Nothing but the lines from the start of the entries through the line holding "Portrait of a" is to be repeated, exactly and with pictures excluded.

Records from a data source
# # #

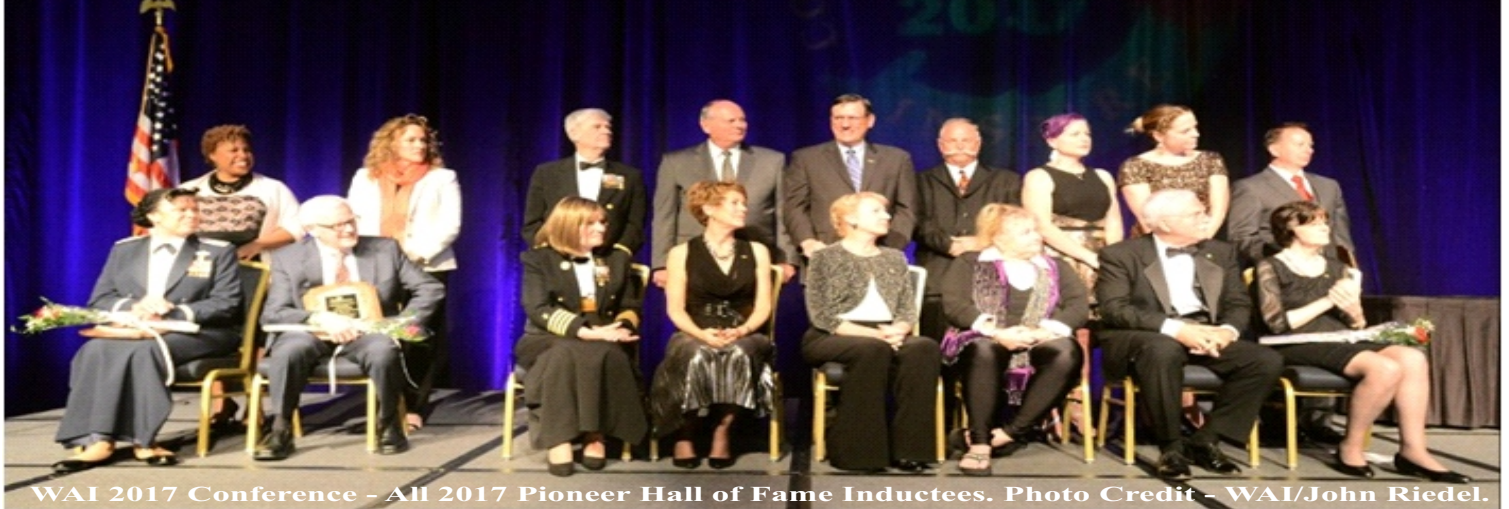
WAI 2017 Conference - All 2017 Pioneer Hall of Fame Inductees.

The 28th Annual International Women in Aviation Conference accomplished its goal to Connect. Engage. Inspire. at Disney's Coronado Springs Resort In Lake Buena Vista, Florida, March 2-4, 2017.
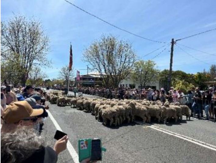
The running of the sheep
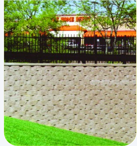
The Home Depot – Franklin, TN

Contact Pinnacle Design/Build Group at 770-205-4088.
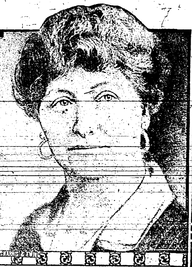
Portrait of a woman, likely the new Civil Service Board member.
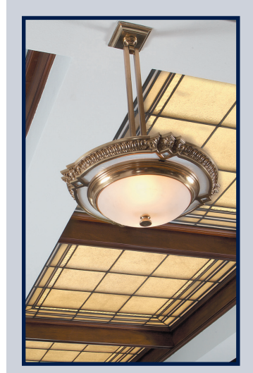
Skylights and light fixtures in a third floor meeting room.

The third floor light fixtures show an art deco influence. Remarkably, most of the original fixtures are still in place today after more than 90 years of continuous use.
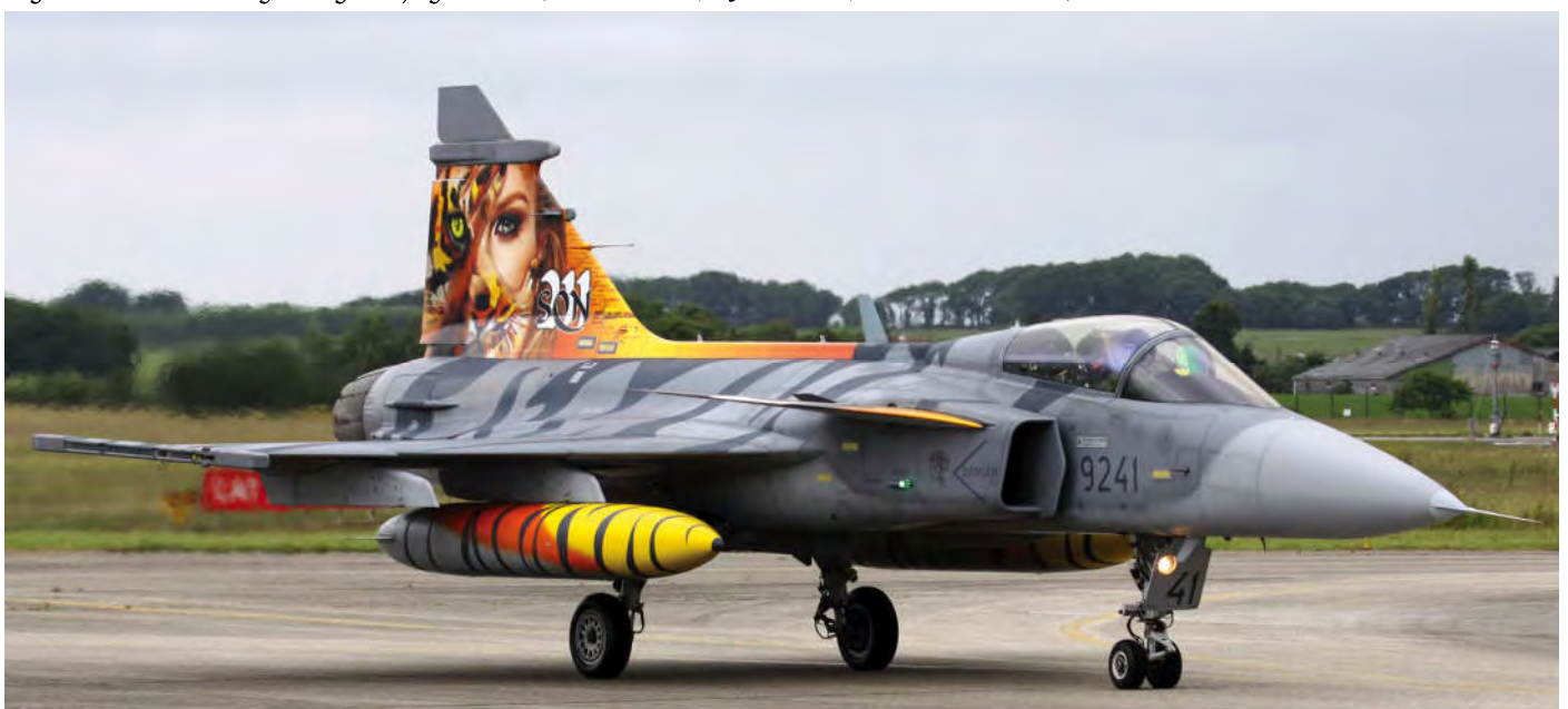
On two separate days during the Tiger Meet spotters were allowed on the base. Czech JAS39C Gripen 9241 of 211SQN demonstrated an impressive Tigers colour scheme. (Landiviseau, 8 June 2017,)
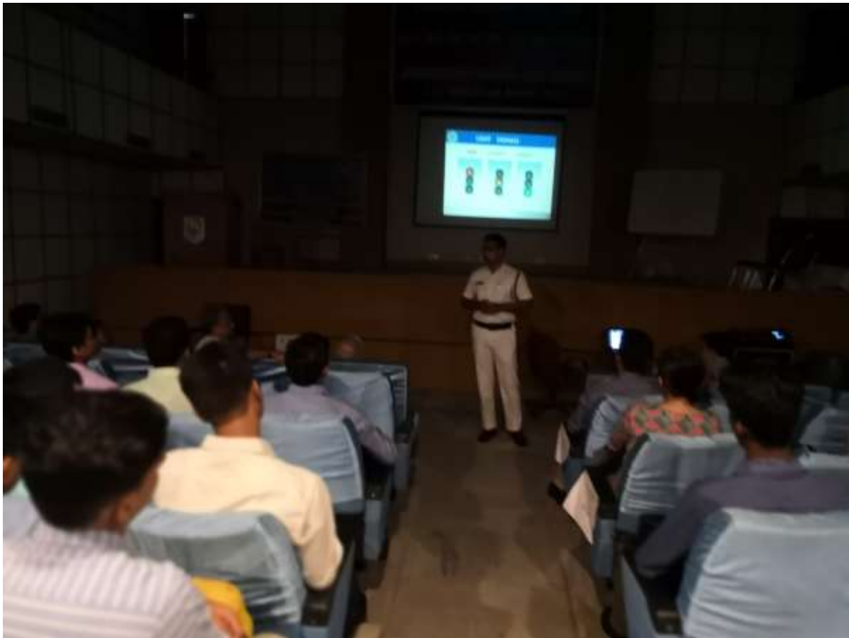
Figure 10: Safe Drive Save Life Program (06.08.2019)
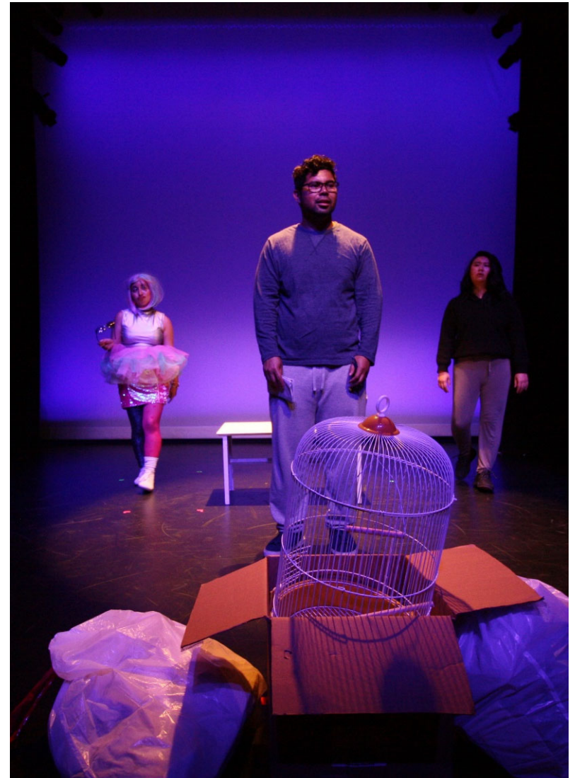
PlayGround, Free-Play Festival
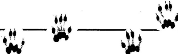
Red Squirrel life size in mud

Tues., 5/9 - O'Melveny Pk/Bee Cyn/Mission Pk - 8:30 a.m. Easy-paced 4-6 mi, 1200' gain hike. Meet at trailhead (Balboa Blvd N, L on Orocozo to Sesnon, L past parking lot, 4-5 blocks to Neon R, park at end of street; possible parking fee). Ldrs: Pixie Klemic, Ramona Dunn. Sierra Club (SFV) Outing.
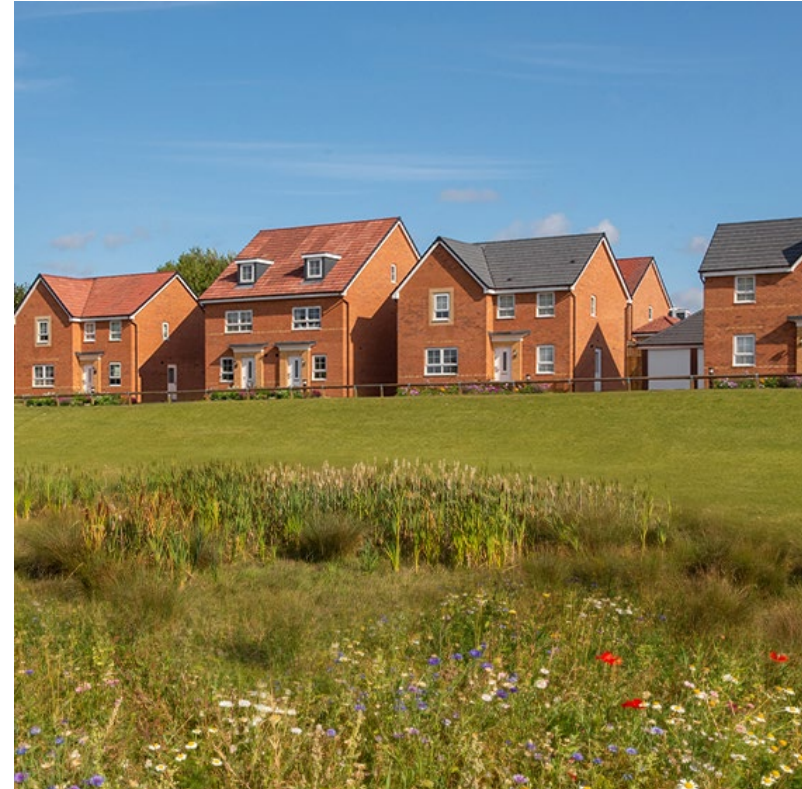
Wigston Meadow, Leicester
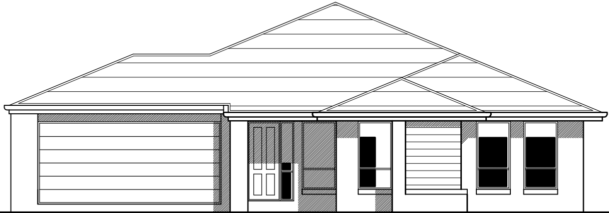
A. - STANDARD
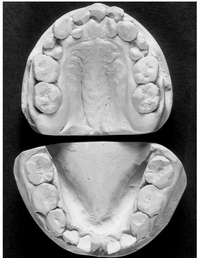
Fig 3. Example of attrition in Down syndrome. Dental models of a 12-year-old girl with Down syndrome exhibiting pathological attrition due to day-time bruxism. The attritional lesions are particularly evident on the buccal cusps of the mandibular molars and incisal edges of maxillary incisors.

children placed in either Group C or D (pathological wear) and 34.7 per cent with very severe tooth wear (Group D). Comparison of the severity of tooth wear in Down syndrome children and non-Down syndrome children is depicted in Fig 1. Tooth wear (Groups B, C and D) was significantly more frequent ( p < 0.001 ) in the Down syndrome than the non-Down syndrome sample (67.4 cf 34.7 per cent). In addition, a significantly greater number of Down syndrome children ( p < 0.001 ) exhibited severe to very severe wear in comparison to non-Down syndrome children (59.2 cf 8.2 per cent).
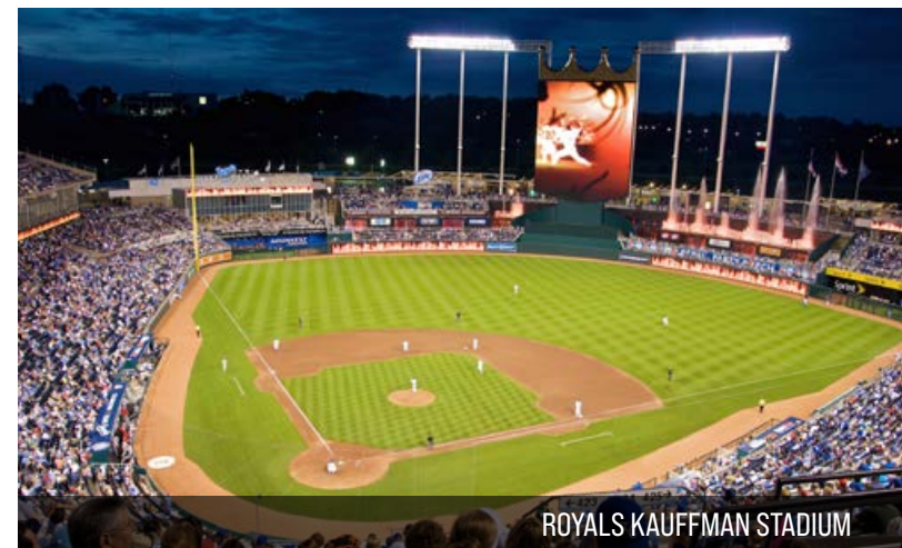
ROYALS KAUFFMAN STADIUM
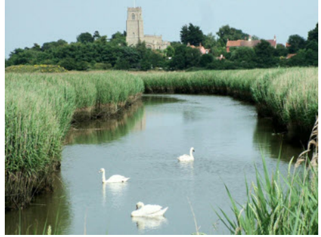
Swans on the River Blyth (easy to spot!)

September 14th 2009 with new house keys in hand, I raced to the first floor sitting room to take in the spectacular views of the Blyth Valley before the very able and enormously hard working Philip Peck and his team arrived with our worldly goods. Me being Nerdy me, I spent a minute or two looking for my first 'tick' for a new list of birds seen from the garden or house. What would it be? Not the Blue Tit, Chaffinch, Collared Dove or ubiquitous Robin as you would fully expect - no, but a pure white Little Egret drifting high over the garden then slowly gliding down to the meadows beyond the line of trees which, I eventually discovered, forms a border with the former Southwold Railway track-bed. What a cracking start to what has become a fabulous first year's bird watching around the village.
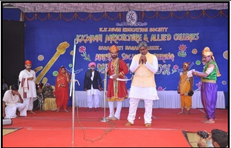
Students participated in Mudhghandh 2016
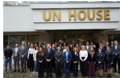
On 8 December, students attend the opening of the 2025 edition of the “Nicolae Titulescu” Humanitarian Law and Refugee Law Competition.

# # #

**WRITTEN ANSWER**
WAI 2017 Conference - All 2017 Pioneer Hall of Fame Inductees.

The 28th Annual International Women in Aviation Conference accomplished its goal to Connect. Engage. Inspire. at Disney's Coronado Springs Resort In Lake Buena Vista, Florida, March 2-4, 2017.
The running of the sheep
The Home Depot – Franklin, TN

Contact Pinnacle Design/Build Group at 770-205-4088.
Portrait of a woman, likely the new Civil Service Board member.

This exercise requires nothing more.